THE DATA
● ● ● ●
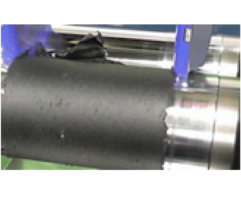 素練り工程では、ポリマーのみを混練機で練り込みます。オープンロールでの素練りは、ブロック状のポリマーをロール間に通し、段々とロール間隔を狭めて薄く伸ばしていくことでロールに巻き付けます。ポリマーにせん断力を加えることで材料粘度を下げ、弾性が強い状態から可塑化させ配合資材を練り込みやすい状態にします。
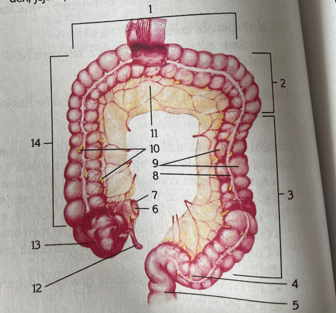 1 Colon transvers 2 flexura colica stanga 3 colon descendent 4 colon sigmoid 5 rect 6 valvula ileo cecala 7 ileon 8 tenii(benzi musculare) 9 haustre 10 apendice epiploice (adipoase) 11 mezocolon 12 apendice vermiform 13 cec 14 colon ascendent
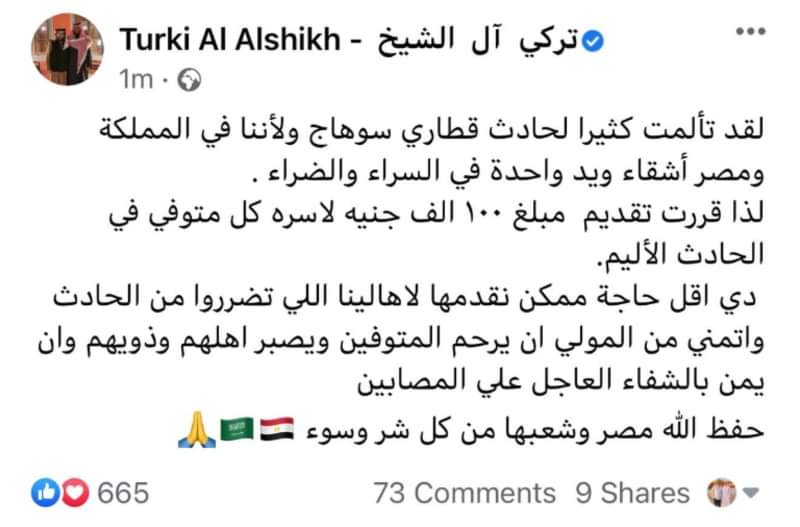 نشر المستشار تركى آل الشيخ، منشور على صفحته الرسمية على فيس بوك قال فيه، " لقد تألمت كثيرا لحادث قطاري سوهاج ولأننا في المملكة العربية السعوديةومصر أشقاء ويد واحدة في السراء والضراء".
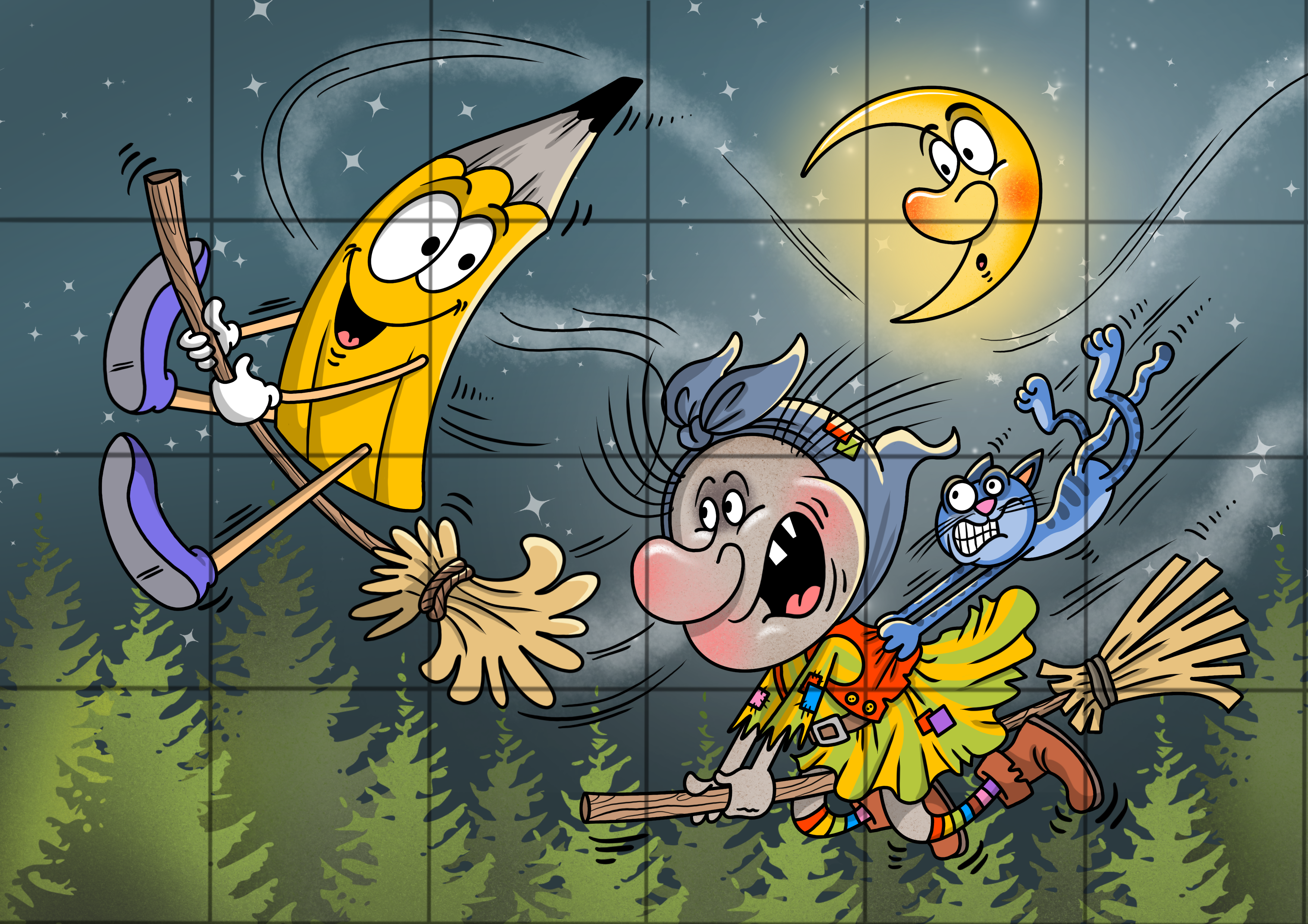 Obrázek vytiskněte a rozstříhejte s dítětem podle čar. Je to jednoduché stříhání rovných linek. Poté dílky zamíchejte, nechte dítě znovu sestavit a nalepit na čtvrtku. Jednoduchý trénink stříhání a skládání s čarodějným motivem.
● ● ● ●
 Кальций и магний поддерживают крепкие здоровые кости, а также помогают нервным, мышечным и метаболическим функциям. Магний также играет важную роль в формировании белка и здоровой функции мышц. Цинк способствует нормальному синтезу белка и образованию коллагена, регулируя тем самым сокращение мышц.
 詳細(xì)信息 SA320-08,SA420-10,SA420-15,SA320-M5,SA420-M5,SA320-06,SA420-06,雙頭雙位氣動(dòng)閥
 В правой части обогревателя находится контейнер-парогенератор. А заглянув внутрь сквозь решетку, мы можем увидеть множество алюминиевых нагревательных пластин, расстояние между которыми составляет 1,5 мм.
● ● ● ●
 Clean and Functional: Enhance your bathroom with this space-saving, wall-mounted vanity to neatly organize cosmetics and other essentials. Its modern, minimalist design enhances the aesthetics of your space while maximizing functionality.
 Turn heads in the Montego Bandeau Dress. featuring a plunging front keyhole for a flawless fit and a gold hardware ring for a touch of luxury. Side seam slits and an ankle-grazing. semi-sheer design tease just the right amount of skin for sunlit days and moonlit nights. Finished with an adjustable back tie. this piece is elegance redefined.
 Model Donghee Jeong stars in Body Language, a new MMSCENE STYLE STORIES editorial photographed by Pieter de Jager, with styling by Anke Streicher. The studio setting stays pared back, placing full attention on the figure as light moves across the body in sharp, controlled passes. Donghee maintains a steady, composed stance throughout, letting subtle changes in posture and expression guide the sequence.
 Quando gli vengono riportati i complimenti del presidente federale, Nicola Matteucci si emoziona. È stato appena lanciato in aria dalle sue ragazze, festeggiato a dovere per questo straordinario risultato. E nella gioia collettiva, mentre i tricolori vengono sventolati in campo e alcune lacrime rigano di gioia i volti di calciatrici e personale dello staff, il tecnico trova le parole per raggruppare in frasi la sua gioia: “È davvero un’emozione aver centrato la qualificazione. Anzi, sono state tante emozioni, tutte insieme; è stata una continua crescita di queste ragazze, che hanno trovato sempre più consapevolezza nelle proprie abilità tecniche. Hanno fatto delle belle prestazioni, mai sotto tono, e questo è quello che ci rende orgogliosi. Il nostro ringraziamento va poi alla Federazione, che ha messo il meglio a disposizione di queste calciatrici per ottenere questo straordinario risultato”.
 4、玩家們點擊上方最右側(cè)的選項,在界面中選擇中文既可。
● ● ● ●
BRIEF
Copy range, inclusive: the line holding "Model Donghee Jeong" to the line holding "4、玩家們點擊上方最右側(cè)的選項,在界面中選擇中文既可。". Reproduce exactly those lines of the records above and no others.

RESPONSE TO THE TASK
 Model Donghee Jeong stars in Body Language, a new MMSCENE STYLE STORIES editorial photographed by Pieter de Jager, with styling by Anke Streicher. The studio setting stays pared back, placing full attention on the figure as light moves across the body in sharp, controlled passes. Donghee maintains a steady, composed stance throughout, letting subtle changes in posture and expression guide the sequence.
 Quando gli vengono riportati i complimenti del presidente federale, Nicola Matteucci si emoziona. È stato appena lanciato in aria dalle sue ragazze, festeggiato a dovere per questo straordinario risultato. E nella gioia collettiva, mentre i tricolori vengono sventolati in campo e alcune lacrime rigano di gioia i volti di calciatrici e personale dello staff, il tecnico trova le parole per raggruppare in frasi la sua gioia: “È davvero un’emozione aver centrato la qualificazione. Anzi, sono state tante emozioni, tutte insieme; è stata una continua crescita di queste ragazze, che hanno trovato sempre più consapevolezza nelle proprie abilità tecniche. Hanno fatto delle belle prestazioni, mai sotto tono, e questo è quello che ci rende orgogliosi. Il nostro ringraziamento va poi alla Federazione, che ha messo il meglio a disposizione di queste calciatrici per ottenere questo straordinario risultato”.
 4、玩家們點擊上方最右側(cè)的選項,在界面中選擇中文既可。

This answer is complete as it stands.